Joy ran into Karl at the coffee shop regularly now. As soon as Marta saw her, she hauled herself up, said, “Errands,” and lumbered out of the restaurant. It was pleasant for Joy, having someone to sit with, to confide in, someone her own age. And, she admitted this to herself, it was pleasant to spend time with a man.

She ordered her soup and listened to Karl tell one of his stories. She occasionally had to hold her hand up. “Karl,” she would say, “my turn to speak.”

“He has so many stories,” she told Danny that night on the phone. “Very entertaining.”

“You knew him in college? How come I never heard anything about him?”

“Oh, we lost track when I got married. You know how it is.”

Molly called Daniel every Wednesday after his weekly dinner with their mother. She told Freddie she wanted to be supportive, but Freddie suggested she was just trying to cling to Daniel’s devoted-child shirttails.

“Did you have a good time with Mom tonight?” Molly asked her brother. “Did you have a nice dinner?”

“I didn’t go. She said she was too tired.”

“She told you not to come? That doesn’t sound good. Is she sick?”

“No. She said she had lunch with a friend and they walked in the park and she got tired.”

“Yeah? Natalie?”

“No.”

“Well, who, Daniel? You’re being weird and mysterious.”

“That guy. That Karl guy.”





36

Molly called her mother to tell her the plans she and Daniel had made for Passover. Their first Passover without their father.

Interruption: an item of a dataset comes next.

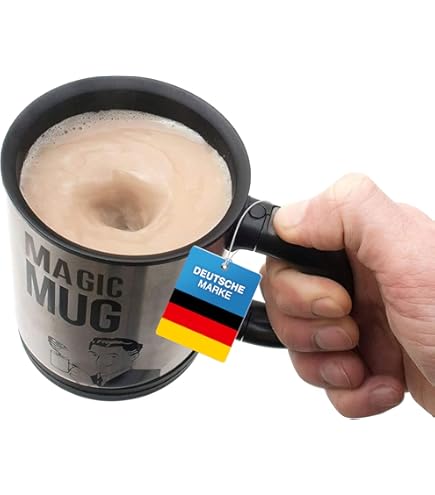 Nie wieder Kaffee umrühren! Diese geniale Rührkaffeetasse erledigt das Rühren komplett automatisch. Einfach Knopf drücken und der magnetische Propeller mischt deinen Kaffee, Tee oder Kakao perfekt durch. Mit 380ml Fassungsvermögen - ideal für unterwegs. Läuft mit 2 AAA-Batterien (nicht im Lieferumfang), kein Stromanschluss nötig. Aus ABS, PP und Edelstahl 304 - spülmaschinengeeignet. Besonders praktisch: Der Rotor ist nicht außermittig, kein Verschütten! Einfach zu reinigen, kann auch als normale Tasse verwendet werden. Perfekt für Büro, Reise, Auto oder Zuhause. In weiß oder braun erhältlich. Endlich cremiger, gut durchmischter Kaffee ohne Aufwand!
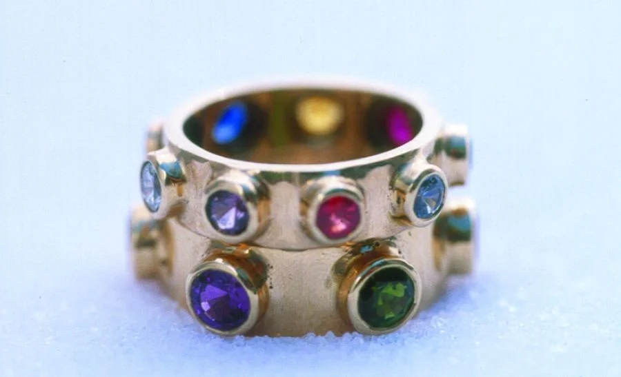Much like earrings, I do really like creating and wearing rings. Big rings! There are so many possibilities of color, shape and design using the many treasures and ideas that I have collected. I wear different rings each day, mostly on my favourite finger, the index finger. Matching my mood, color coordinated with my outfit, event and mood. I even have a very large ring collection of everything from diamonds to plastic. Pieces I have picked up along my journey and that I much enjoy wearing.

“We’re all going to come. We’ll have a real family Passover.”

“At the apartment? Without Daddy?”

“It will give us a chance to be together and honor him,” Molly said. “As a family.”

Joy tried to picture the family gathered around the table without Aaron.

“No, no,” she said. “No. Not this year. Not yet.”

“Daniel and I worked it all out. We’ll take care of the food, of course. You won’t have anything to worry about.”

“It will be too sad,” Joy said. “I think it will be too sad. Everyone there but your father.”

“We’ll all be together, Mom.”

At the coffee shop that night, Joy saw Karl, as she had hoped she would.

“I don’t want this seder,” she told him. “It’s just too soon. Why can’t they wait till next year?”

“Who knows if we’ll be here next year,” Karl said.

“That’s cheerful.”

“Well.”

Joy tried to explain it to him. “Just picture it,” she said. “The whole family. Picture the whole family, picture Danny, Molly, the wives, the grandchildren, me. And no Aaron. It’s like one of those photographs from Russia where they scratch out Trotsky.”

“I guess you could invite more people,” he said. “Dilute it a little, like soup. Invite other people.”

“Other people,” Joy said. It was a brilliant plan. “Other people!”